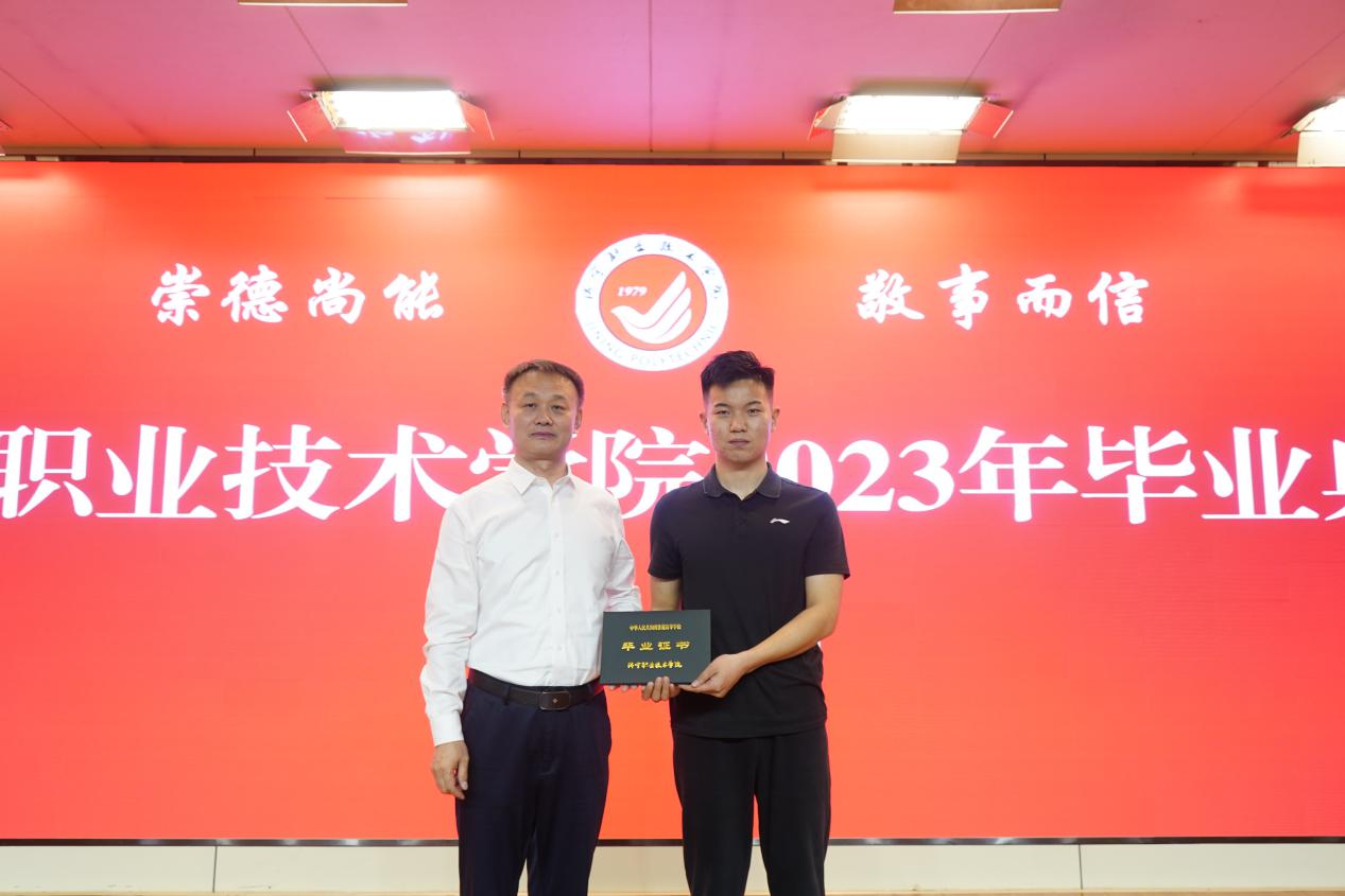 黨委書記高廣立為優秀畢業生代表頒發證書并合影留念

==

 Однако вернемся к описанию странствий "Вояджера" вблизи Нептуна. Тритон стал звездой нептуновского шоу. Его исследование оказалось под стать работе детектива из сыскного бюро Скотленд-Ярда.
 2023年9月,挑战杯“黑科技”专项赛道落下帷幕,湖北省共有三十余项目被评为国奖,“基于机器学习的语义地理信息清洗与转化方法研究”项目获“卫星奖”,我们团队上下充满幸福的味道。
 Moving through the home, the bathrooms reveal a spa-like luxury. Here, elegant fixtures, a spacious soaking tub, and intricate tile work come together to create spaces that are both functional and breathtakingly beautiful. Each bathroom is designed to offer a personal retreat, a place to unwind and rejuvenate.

--

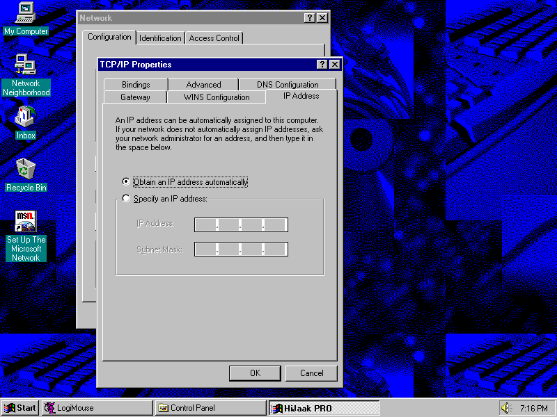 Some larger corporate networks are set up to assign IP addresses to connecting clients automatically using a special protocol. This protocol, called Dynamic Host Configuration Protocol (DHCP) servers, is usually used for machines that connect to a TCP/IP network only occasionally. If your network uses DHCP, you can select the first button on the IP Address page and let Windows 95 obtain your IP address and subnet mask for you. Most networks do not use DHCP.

§ Work instructions
Copy back the listing above exactly, but only from the line with "Однако вернемся к" through the line with "Moving through the", both ends included.

§ Reply to the exercise
 Однако вернемся к описанию странствий "Вояджера" вблизи Нептуна. Тритон стал звездой нептуновского шоу. Его исследование оказалось под стать работе детектива из сыскного бюро Скотленд-Ярда.
 2023年9月,挑战杯“黑科技”专项赛道落下帷幕,湖北省共有三十余项目被评为国奖,“基于机器学习的语义地理信息清洗与转化方法研究”项目获“卫星奖”,我们团队上下充满幸福的味道。
 Moving through the home, the bathrooms reveal a spa-like luxury. Here, elegant fixtures, a spacious soaking tub, and intricate tile work come together to create spaces that are both functional and breathtakingly beautiful. Each bathroom is designed to offer a personal retreat, a place to unwind and rejuvenate.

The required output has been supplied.